My Ultrasonic Distance Sensor Keeps Reading 0 Cm
This article is a guide about the Ultrasonic Sensor HC-SR04. Nosotros'll explain how it works, bear witness you lot some of its features and share an Arduino projection example you can follow to integrate into your projects. We provide a schematic diagram on how to wire the ultrasonic sensor and an example sketch with the Arduino.
Description
The HC-SR04 ultrasonic sensor uses sonar to make up one's mind the altitude to an object. This sensor reads from 2cm to 400cm (0.8inch to 157inch) with an accuracy of 0.3cm (0.1inches), which is good for virtually hobbyist projects. In addition, this particular module comes with ultrasonic transmitter and receiver modules.
The following picture shows the HC-SR04 ultrasonic sensor.

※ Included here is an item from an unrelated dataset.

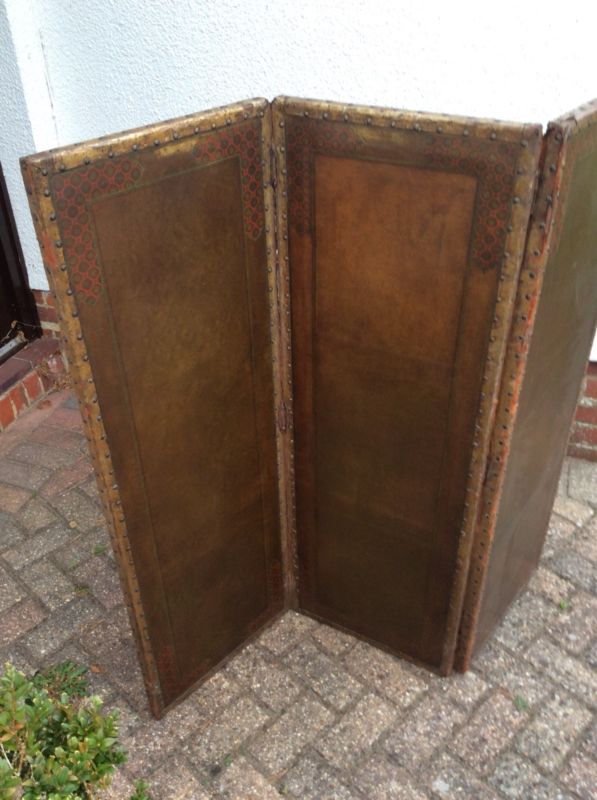 Antique Leather 3 Fold Screen

The next picture shows the other side of the sensor.
Features
Here'due south a listing of some of the HC-SR04 ultrasonic sensor features and specs—for more information, you should consult the sensor'south datasheet:
- Power Supply :+5V DC
- Quiescent Current : <2mA
- Working Current: 15mA
- Effectual Angle: <fifteen°
- Ranging Distance : 2cm – 400 cm/1″ – 13ft
- Resolution : 0.3 cm
- Measuring Angle: thirty caste
- Trigger Input Pulse width: 10uS TTL pulse
- Repeat Output Bespeak: TTL pulse proportional to the altitude range
- Dimension: 45mm 10 20mm x 15mm
How Does it Piece of work?
The ultrasonic sensor uses sonar to decide the altitude to an object. Here's what happens:
- The ultrasound transmitter (trig pin) emits a high-frequency sound (forty kHz).
- The sound travels through the air. If it finds an object, it bounces back to the module.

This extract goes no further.